Kirby Runyon: There's a little bit of a caved in lava tube right there. Here's a context view from, this is Sir Richard Branson's space flight two years ago, looking out the back of the spaceship Unity. This is the Carrizozo Lava Flow where we're at right here, and this is White Sands. This picture is just from the International Space Station, like we said in the car, it's 75 kilometers long. It was in place 5,200 years ago. Okay, over the course of about 30 years. Now, what makes this flow interesting is that it's confined between the mountains on the west and on the east, and it's a type of lava flow called a tube fed lava flow, where you would have rivers of lava. I took this still from active flows in Hawaii, but what happens, as the lava's flowing along, it'll cool on the top. Then, that cooled top crust acts as insulation for the lava underneath.

Paul Mills: To stay hot.

Kirby Runyon: To stay hot. Exactly. Yeah. Towards the end of that river or tube system, the lava will break out. It's literally called a breakout, and it'll continue flowing. The top will cool and then it'll stay hot and it'll keep flowing. It creates the tube that insulates it, it creates its own tube for it to continue traveling through. That's how you were able to have a lava flow 75 kilometers long from Little Black Peak, way up north there, 40 some miles, 75 kilometers south that way, is because it was a self-insulating flow. Lava also has the property that it's like ketchup in that you can have a pile of ketchup on your plate and when you dip a french fry in it, it flows. It's called a Bingham plastic. Your blood is the same way. It's got a certain, what we call a yield stress, where it acts like a soft solid until you nudge it hard enough and it begins to flow. What that means for lava is that it also creates its own levies that it flows through. The lava on the edge of the flow is in contact and it cools in place.

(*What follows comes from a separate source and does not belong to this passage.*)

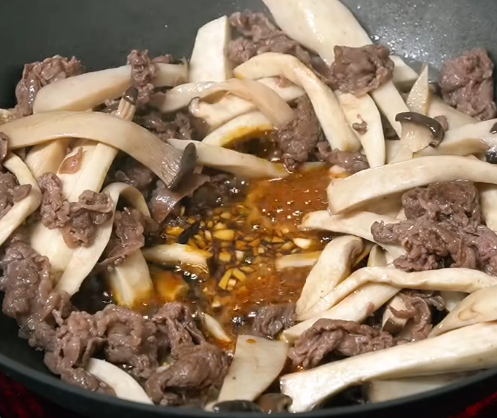 고기가 익으면 쪄놓은 버섯을 넣고 함께 볶기

Mat Kaplan: One of the things that is obvious in hearing you across this trip is your enthusiasm, your excitement about all of this, which is great to hear because you've been at this for a while. But isn't this also what you're hoping to share with others? Those of us on this trip, but also if things go well, with a lot of other people.

Kirby Runyon: Yeah, thanks for asking. I am transitioning in my career from full-time research scientists to part-time research scientists, part-time really tour guide that's a scientific... that I call informed enthusiasm. The scientific type tours that aren't just for scientists. I want everyone to be able to come along maybe on same host trips monthly to the Planetary analog terrains in New Mexico and get to basically let people have their vacations on the moon and Mars without leaving Earth. I've also had the privilege of leading Virgin Galactic ticket holders, people that have paid and they are going to fly in space, of showing them the landscape beneath them that they are going to see from space. I call this perspective from space to in your face. Right now, we're in the in your face part because we're just a few feet away from gorgeous lava flows. But this is the exact lava flow that suborbital private astronauts see from suborbital space, whether that's with Virgin Galactic or with Blue Origin. Frank White is our friend, our space philosopher friend who has coined the term the overview effect, for this mental cognitive shift that people undergo whenever they see Earth from space. I want to help people who experience the overview effect have a more informed overview effect so they can understand the same lava flow or the same sand dune field from a millimeter perspective to a tens or hundreds of kilometers perspective and hopefully blow their minds even more.

Mat Kaplan: Kids or more their teachers?

Kirby Runyon: Oh, man. Well, my answer's always going to be everybody, but I'm really going for teachers right now. Teachers have it rough. They're in classrooms, they're teaching out of textbooks so often. They're oftentimes teaching to the test. It's rare, I think, that they can teach from their firsthand experience and their own excitement and enthusiasm. What I'm really hoping that we get to do is to have sponsored teacher trips out here, where teachers can take a few days of a break, come outside, not sit in front of a computer, get up close and personal with the rocks, get up close and personal with the planet as a stand in for other planets and moons. Be able to learn from their own experience and bring that same informed enthusiasm back to their classroom, whether that's kindergarten through 12th grade or community college. Those are really the target teacher audiences I'm after.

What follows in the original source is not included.